Starting at the first line of the entries below, restate each line exactly until you reach the line with "上一條:魯南中聯(lián)水泥有限公司 高精度數(shù)字溫度計 校準證書下一條:廉金屬熱電偶檢定爐-校準證書", and print that one too. Leave the pictures out and stop there.

● Records from a dataset
***

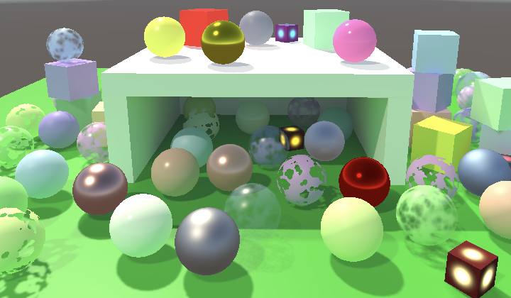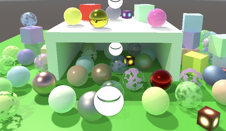 每个物体仅使用一个环境探针,但场景中可以存在多个探针。因此您可能需要分割物体以获得理想的反射效果。例如,构建建筑结构的立方体最好拆分为内部和外部两部分,以便分别使用不同的反射探针。这也意味着GPU批处理会因反射探针而中断。遗憾的是,网格球体完全无法使用反射探针,最终只能使用天空盒的反射。
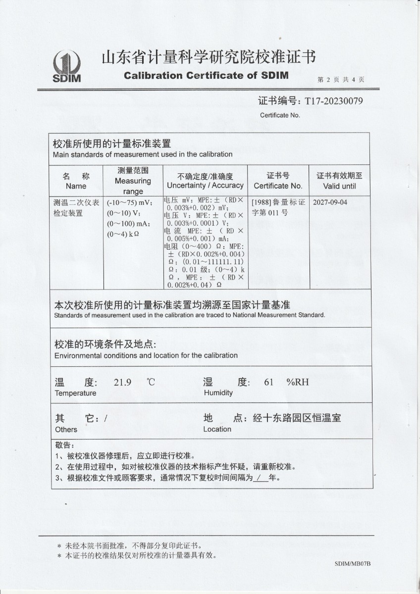 上一條:魯南中聯(lián)水泥有限公司 高精度數(shù)字溫度計 校準證書下一條:廉金屬熱電偶檢定爐-校準證書
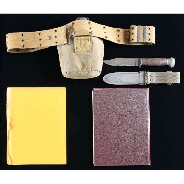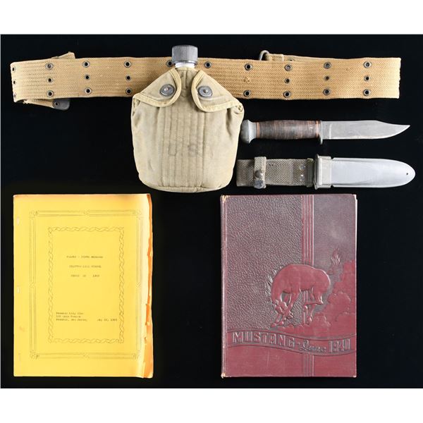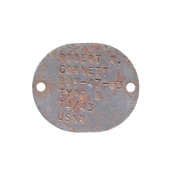 BELONGING TO ROBERT R. CORNETT OF THE US NAVY. Cal. 45 ACP. S# 870277. Pistol is of the 1943 configuration within S# range 857,000-1,609-529 having a Parkerized finish. It appears to have the correct parts, including a 5" blued Colt Type 6 bbl. and Type 7 Colt wood grips. MAGS: NONE. UNATTACHED ACCESSORIES: this fine pistol is accompanied by its original WWII brown leather holster with brass snap-on retention. The accessories further include Cornett's 1943 dog tag, his web belt with attached canteen and cover, his "U.S.N."-marked Mark 1 side knife by PAL with its original sheath, his 1940 yearbook from the Mustangs of Clifton High School, Clifton, NJ, and finally his birth certificate. CONDITION: good, original, Parkerized finish, showing over 80% coverage with cycling and edge wear, along with spots of pitting on the forward portions of the slide and frame. Frame has light wear and scratches in the takedown area on the left. Very good grips with a few chipped diamonds. Bbl. shows good blue with cycling wear; bore is good with strong rifling and light pitting around the muzzle. Holster is intact but shows heavy wear, with verdigris and an outline of a previous stud through the embossed "US" on the body. Belt, canteen, and knife show light overall wear. Dog tag has an oxidized finish. Yearbook is well used but still complete and reasonably solid. (24-6434/MD/BF). CURIO. $1,400-1,800.
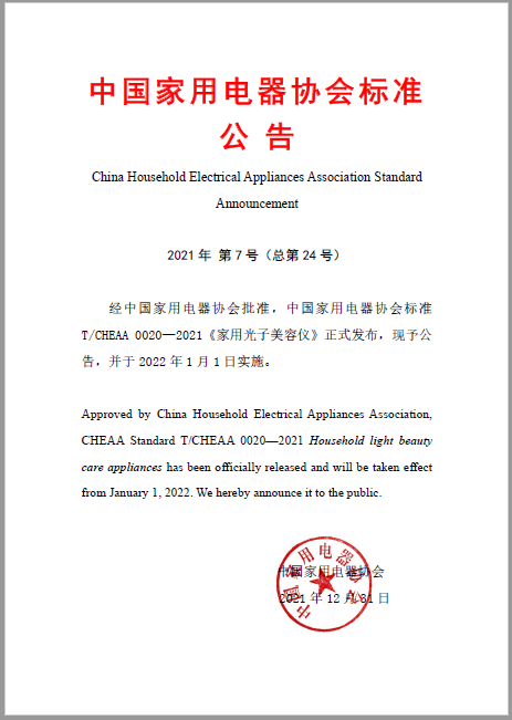 中国家用电器协会标准公告2021年第7号《家用光子美容仪》正式发布
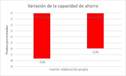 Las rentas bajas reducen su capacidad de ahorro en casi dos puntos más que las rentas altas: las rentas bajas consumen 7,65 puntos más que antes, frente a los 5,95 puntos que las rentas altas consumen más que antes: 7,65-5,95= 1,70 puntos.
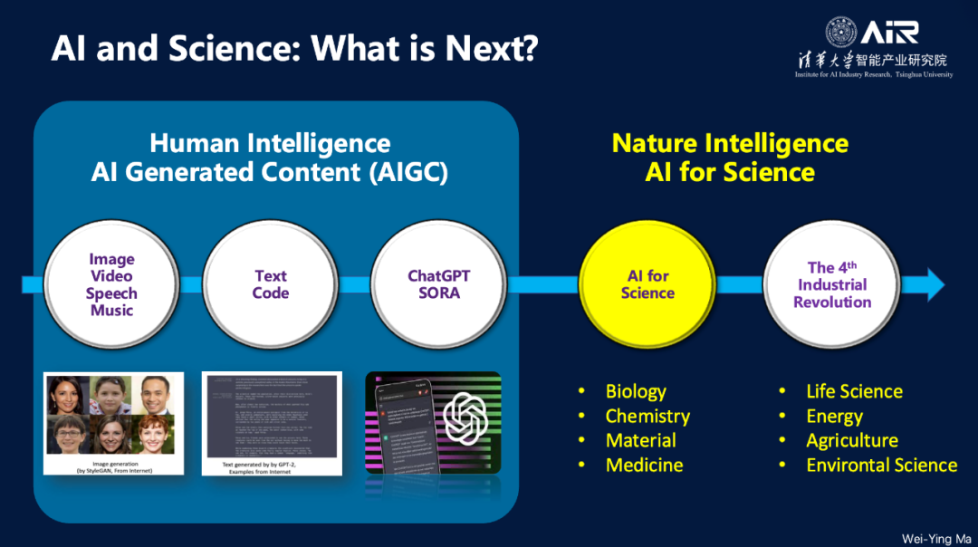 过去几年中,AI展现了强大的AIGC(生成式内容生成)能力,涉及图像、视频、语音、音乐、代码生成和对话等多个领域。展望未来,AI的发展不仅限于这些应用,它将在科学前沿产生重大影响。AI和科学将成为推动社会发展的主要生产力来源,两者的结合将引领AI进入一个新的阶段: 自然智能(Nature Intelligence)。自然界充满了智能,涵盖生物学、化学、材料科学、医学、生命科学、能源和农业等领域。随着这些物质世界的符号逐步实现数字化和智能化,许多复杂的科学问题有望得到解决。AI可能逐渐学会如何组合这些元素,以创造新的物质,如蛋白质、药物、化合物、材料等。
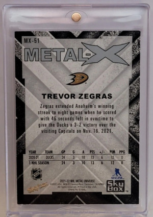 21-22 UD SKYBOX METAL TREVOR ZEGRAS METAL-X ROOKIE MX-51 ANAHEIM DUCKS
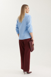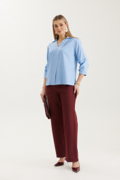 Блузка из лёгкой  струящейся вискозы  небесно‑голубого оттенка с V‑образным вырезом. Рукава  ¾ создают изящный акцент, благодаря эффектной сборке.   Блузка свободного кроя, что позволяет чувствовать себя легко и комфортно.  Модель  легко сочетается с классическими брюками или юбкой, формируя элегантные и современные образы.
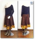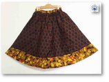 赤墨色に蜜柑色小紋×レトロな木の葉柄着物リメイクスギャザーフレアカート49
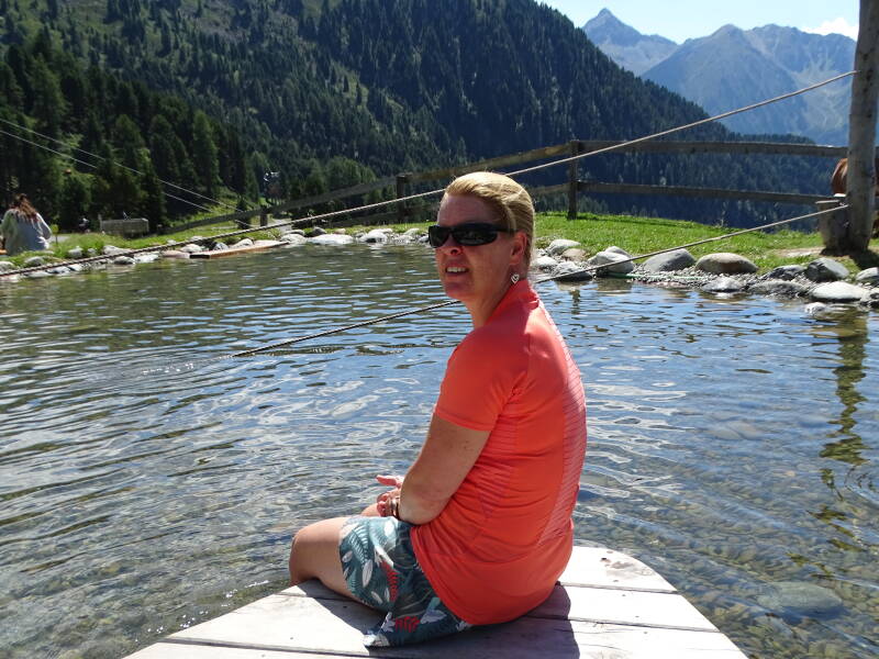 We nemen de kabelbaan terug naar beneden, waar we nabij ons huisje nog een klein zwemmeer hebben waar we uitrusten van de wandeling :)

***

● ANSWER BOX
 每个物体仅使用一个环境探针,但场景中可以存在多个探针。因此您可能需要分割物体以获得理想的反射效果。例如,构建建筑结构的立方体最好拆分为内部和外部两部分,以便分别使用不同的反射探针。这也意味着GPU批处理会因反射探针而中断。遗憾的是,网格球体完全无法使用反射探针,最终只能使用天空盒的反射。
 上一條:魯南中聯(lián)水泥有限公司 高精度數(shù)字溫度計 校準證書下一條:廉金屬熱電偶檢定爐-校準證書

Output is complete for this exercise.